Литмир - Электронная Библиотека

И я притянул ее к себе. Она вырвалась и отпрянула от меня.

– Нет! – в голосе ее звенела сталь.

– Какого черта! Почему нет? – вскричал я.

– Убирайся! – заявила она, побледнев и вонзая в меня, острый, как кинжал, взор. – Спокойной ночи!

– К черту спокойную ночь, – ответил я. – Полагал, мы расстаемся друзьями? Что-то это все не очень по-дружески, разве нет?

Джуди не отрывала от меня глаз.

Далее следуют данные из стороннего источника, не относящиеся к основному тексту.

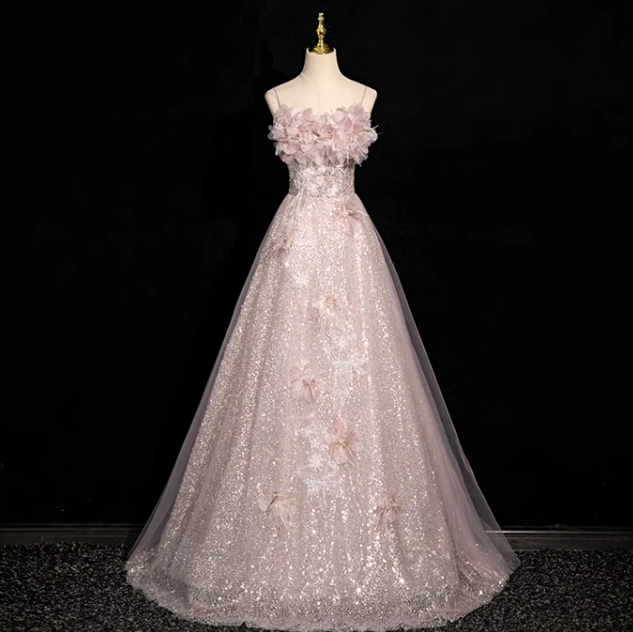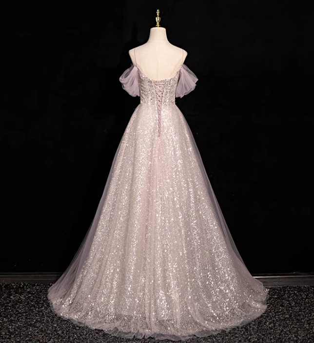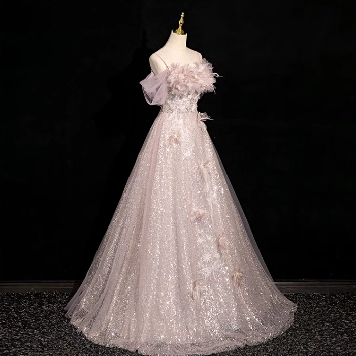 Niulatu A-line off-shoulder sequined tulle long prom dress, pink formal long dress HZ1108

Ее грудь, как написали бы авторы дамских романов, «вздымалась», но если бы им довелось увидеть, как она вздымалась в неглиже Джуди, им пришлось бы задуматься, подыскивая новый эпитет, способный описать волнение женщины.

– Я была столь глупа, что на минуту поверила тебе, – говорит она. – Убирайся прочь из моей комнаты тотчас же!

– Всему свое время, – отвечаю я и молниеносным движением обхватываю ее за талию.

Джуди стала отбиваться, но я не сдавался, и мы вместе повалились на кровать. Я ощущал ее близость, и это сводило меня с ума. Перехватив ее кисть, когда Джуди, как дикая тигрица, еще раз попыталась ударить меня, я попытался поцеловать строптивицу, но та изо всех сил укусила меня за губу.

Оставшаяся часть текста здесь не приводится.